Given a foo: IRI, there are two kinds of IRI -> URI conversion we might
be interested in.  We might merely want to convert to a valid generic
URI in order to tunnel it through some ASCII infrastructure before being
ultimately resolved by an IRI resolver, in which case we don't actually
need a valid foo: URI.  Or we might want to convert to a valid foo: URI
so that a foo: URI resolver can resolve it.

The former of those two tasks can obviously be done without
scheme-specific knowledge.  But if you want the URI to be
resolvable, you can't get the job done without scheme-specific
knowledge.  Many (most?) browsers today will not resolve
http://%E7%8C%AB%E3%81%AB%E5%B0%8F%E5%88%A4.nicemice.net/ because
they don't handle percent-encoding in the host component, because
it's not valid according to the current http: URI spec.  (Even
Firefox, which fetches the page when I type the Japanese domain
label directly in Japanese, cannot resolve the percent-encoded
UTF-8 form.)  Many (most?) browsers today will not resolve
mailto:webmaster@%E7%8C%AB%E3%81%AB%E5%B0%8F%E5%88%A4.nicemice.net even
though they percent-decode the domain, because they (or the MUA they
invoke) are not expecting UTF-8 in the mail address, because it's not
valid according to the current mail address spec.  If you want URIs that
are meaningful according to current specs and can be resolved by current
URI resolvers, you need http://xn--r9j282hvzgc6x.nicemice.net/ and
mailto:webmaster@xn--r9j282hvzgc6x.nicemice.net.

> Do we need a separate spec for "http:", "mailto:", "ftp:" IRIs, where
> each specifies the punycode vs. hex-encoding of the various parts?

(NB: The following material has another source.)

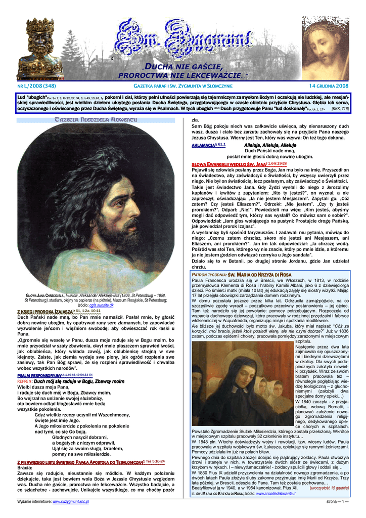 xxx „DUCHA NIE GAŚCIE, PROROCTWA NIE LEKCEWAŻCIE…” NR L/2008 ( 348 348) GAZETKA PARAFII ŚW. ZYGMUNTA W SŁOMCZYNIE 14 GRUDNIA 2008 Lud "ubogich" Por. So 2, 3; Ps 22, 27; 34, 3; Iz 49, 13; 61, 1, pokorni i cisi, którzy pełni ufności powierzają się tajemniczym zamysłom Bożym i oczekują nie ludzkiej, ale mesjańmesjańskiej sprawiedliwości, jest wielkim dziełem ukrytego posłania Ducha Świętego, przygotowującego w czasie obietnic przyjście Chrystusa. Głębia ich serca, oczyszczonego i oświeconego przez Ducha Świętego, wyraża się w Psalmach. W tych ubogich 368 Duch przygotowuje Panu "lud doskonały"Por. Łk 1, 17. [KKK, 716] TR RZ ZECIIA A NIIE ED ZIIE ELA A AD TU U DZ DW ENT zła. Sam Bóg pokoju niech was całkowicie uświęca, aby nienaruszony duch wasz, dusza i ciało bez zarzutu zachowały się na przyjście Pana naszego Jezusa Chrystusa. Wierny jest Ten, który was wzywa: On też tego dokona. AKLAMACJAIz 61,1 Alleluja, Alleluja, Alleluja Duch Pański nade mną, posłał mnie głosić dobrą nowinę ubogim. SŁOWA EWANGELII WEDŁUG ŚW. JANAJ 1,6-8.19-28 Pojawił się człowiek posłany przez Boga, Jan mu było na imię. Przyszedł on na świadectwo, aby zaświadczyć o Światłości, by wszyscy uwierzyli przez niego. Nie był on światłością, lecz posłanym, aby zaświadczyć o Światłości. Takie jest świadectwo Jana. Gdy Żydzi wysłali do niego z Jerozolimy kapłanów i lewitów z zapytaniem: „Kto ty jesteś?”, on wyznał, a nie zaprzeczył, oświadczając: „Ja nie jestem Mesjaszem”. Zapytali go: „Cóż zatem? Czy jesteś Eliaszem?”. Odrzekł: „Nie jestem”. „Czy ty jesteś prorokiem?”. Odparł: „Nie!”. Powiedzieli mu więc: „Kim jesteś, abyśmy mogli dać odpowiedź tym, którzy nas wysłali? Co mówisz sam o sobie?”. Odpowiedział: „Jam głos wołającego na pustyni: Prostujcie drogę Pańską, jak powiedział prorok Izajasz”. A wysłannicy byli spośród faryzeuszów. I zadawali mu pytania, mówiąc do niego: „Czemu zatem chrzcisz, skoro nie jesteś ani Mesjaszem, ani Eliaszem, ani prorokiem?”. Jan im tak odpowiedział: „Ja chrzczę wodą. Pośród was stoi Ten, którego wy nie znacie, który po mnie idzie, a któremu ja nie jestem godzien odwiązać rzemyka u Jego sandała”. Działo się to w Betanii, po drugiej stronie Jordanu, gdzie Jan udzielał chrztu. PATRON TYGODNIA: ŚW. MARIA OD KRZYŻA DI ROSA GŁOWA JANA CHRZCICIELA , IWANOW , Aleksander Aleksiejewicz (1806, St Petersburg – 1858, St Petersburg), studium, olejny na papierze (na płótnie), Muzeum Rosyjskie, St Petersburg; źródło: cgfa.sunsite.dk Z KSIĘGI PROROKA IZAJASZAIz 61, 1-2a. 10-11 Duch Pański nade mną, bo Pan mnie namaścił. Posłał mnie, by głosić dobrą nowinę ubogim, by opatrywać rany serc złamanych, by zapowiadać wyzwolenie jeńcom i więźniom swobodę; aby obwieszczać rok łaski u Pana. „Ogromnie się weselę w Panu, dusza moja raduje się w Bogu moim, bo mnie przyodział w szaty zbawienia, okrył mnie płaszczem sprawiedliwości, jak oblubieńca, który wkłada zawój, jak oblubienicę strojną w swe klejnoty. Zaiste, jak ziemia wydaje swe plony, jak ogród rozplenia swe zasiewy, tak Pan Bóg sprawi, że się rozpleni sprawiedliwość i chwalba wobec wszystkich narodów”. PSALM RESPONSORYJNYŁk 1,46-48 ,49-5 0,53 -54 REFREN: Duch mój się raduje w Bogu, Zbawcy moim Wielbi dusza moja Pana, i raduje się duch mój w Bogu, Zbawcy moim. Bo wejrzał na uniżenie swojej służebnicy, oto bowiem odtąd błogosławić mnie będą wszystkie pokolenia. Gdyż wielkie rzeczy uczynił mi Wszechmocny, święte jest imię Jego. A Jego miłosierdzie z pokolenia na pokolenie nad tymi, co się Go boją. Głodnych nasycił dobrami, a bogatych z niczym odprawił. Ujął się za swoim sługą, Izraelem, pomny na swe miłosierdzie. Z PIERWSZEGO LISTU ŚWIĘTEGO PAWŁA APOSTOŁA DO TESALONICZAN1 Tes 5,16-24 Bracia: Zawsze się radujcie, nieustannie się módlcie. W każdym położeniu dziękujcie, taka jest bowiem wola Boża w Jezusie Chrystusie względem was. Ducha nie gaście, proroctwa nie lekceważcie. Wszystko badajcie, a co szlachetne - zachowujcie. Unikajcie wszystkiego, co ma choćby pozór Wydanie internetowe: www.swzygmunt.knc.pl Paula Francesca urodziła się w Brescii, we Włoszech, w 1813, w rodzinie przemysłowca Klementa di Rosa i hrabiny Kamilii Albani, jako 6 z dziewięciorga dzieci. Po śmierci matki (miała 10 lat) jej edukacją zajęły się siostry wizytki. Mając 17 lat przejęła obowiązki zarządzania domem rodzinnym. W domu pozostała jeszcze przez kilka lat. Odrzuciła zamążpójście, na co szczęśliwie zgodę wyraził – początkowo przeciwny postanowieniu – jej ojciec. Tam też narodziło się jej powołanie: pomocy potrzebującym. Rozpoczęła od wsparcia duchowego dziewcząt, które pracowały w rodzinnej przędzalni i fabryce włókienniczej w Acquafredda, organizując misje i spotkania modlitewne. Ale bliższe jej duchowości było motto św. Jakuba, który miał napisać “Cóż za korzyść, moi bracia, jeżeli ktoś posiadł wiarę, ale nie czyni dobrze?” Już w 1836 zatem, podczas epidemii cholery, pracowała pomiędzy zarażonymi w miejscowym szpitalu. Następnie przez dwa lata zajmowała się opuszczonymi i biednymi dziewczętami w okolicy. Dla swych podopiecznych założyła niewielki przytułek. Wraz ze swoim bratem pracowała też – równolegle pogłębiając wiedzę teologiczną – z głuchoniemymi (założyli dwa specjalne domy opieki…) W 1840 zaczęła - z przyjaciółką, wdową Bornatii, planować założenie nowego zgromadzenia religijnego, dedykowanego opiece chorych w szpitalach. Powstało Zgromadzenie Służek Miłosierdzia, którego została przełożoną. Wkrótce w miejscowym szpitalu pracowały 32 członkinie instytutu… W 1848 płn. Włochy doświadczyły wojny i rewolucji, tzw. wiosny ludów. Paula pracowała w szpitalu wojskowym św. Łukasza, opiekując się ra
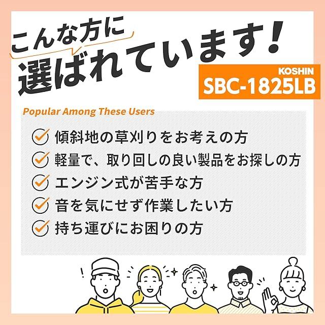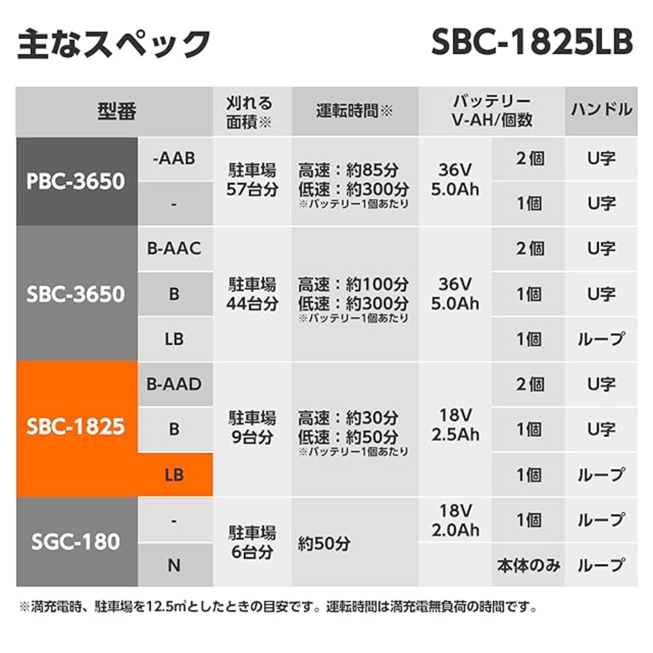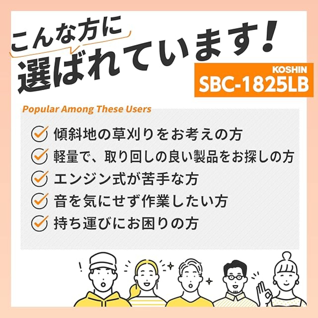 商品名:工進(KOSHIN) 18V 2.5Ah 充電式 草刈機 SBC-1825LB バッテリー・充電器付 軽量 分割式 ループハンドル

I don't think so; I think it is sufficient to have separate specs for
http, mailto, and ftp URIs, which we already have.  The conversion of
IRIs to URIs can then be defined by general rules in the IRI spec.  For
example, see the latter part of

http://lists.w3.org/Archives/Public/uri/2004Mar/0049.html

after "redefine the validity of IRIs".

Martin Duerst <duerst@w3.org> wrote:

> At most, there should be a single bit per scheme that says whether
> punycode should be applied to the 'host' part.

This middle-ground approach is both too much (every IRI-to-URI convertor
needs to recognize all schemes) and too little (mailto: is not handled).
What do you think of recognizing two kinds of IRI-to-URI conversion, a
scheme-agnostic kind for tunneling through URI infrastructure to IRI
resolvers, and a fully scheme-aware kind for interoperating with URI
resolvers (and for defining the meaning of the IRI)?

In other words, there are three data types:  IRIs are non-ASCII and
can be resolved by IRI resolvers.  URIs are ASCII and can be resolved
by legacy URI resolvers.  HRIs (hybrid resource identifiers) are both
IRIs and generic URIs; they can be resolved by IRI resolvers but not
by legacy URI resolvers; they can traverse infrastructure that accepts
generic URIs without needing to resolve them; and they survive relative
URI processing.  Conversion between IRIs and HRIs (in either direction)
needs no scheme-specific knowledge, but conversion to URIs does.

This model recognizes the inescapable fact that in order for something
like mailto:postmaster@josť.example.net to be useful, two pieces of
knowledge need to come together:  IDNA (which is internationalization
knowledge), and the fact that the thing after the at-sign is a domain
name (which is mailto knowledge).  The three-type model makes it clear
that you can either smarten up the IRI layer with scheme knowledge or
smarten up the URI resolution layer with IRI knowledge, but one or
the other is required, and therefore the meaning of something like
mailto:postmaster@josť.example.net can be well-defined.  I think the
two-type model lets this requirement slip through the cracks; both
layers try to limit their knowledge at the same time, but that just
doesn't work.

> But to a large extent, this is actually an implementation issue.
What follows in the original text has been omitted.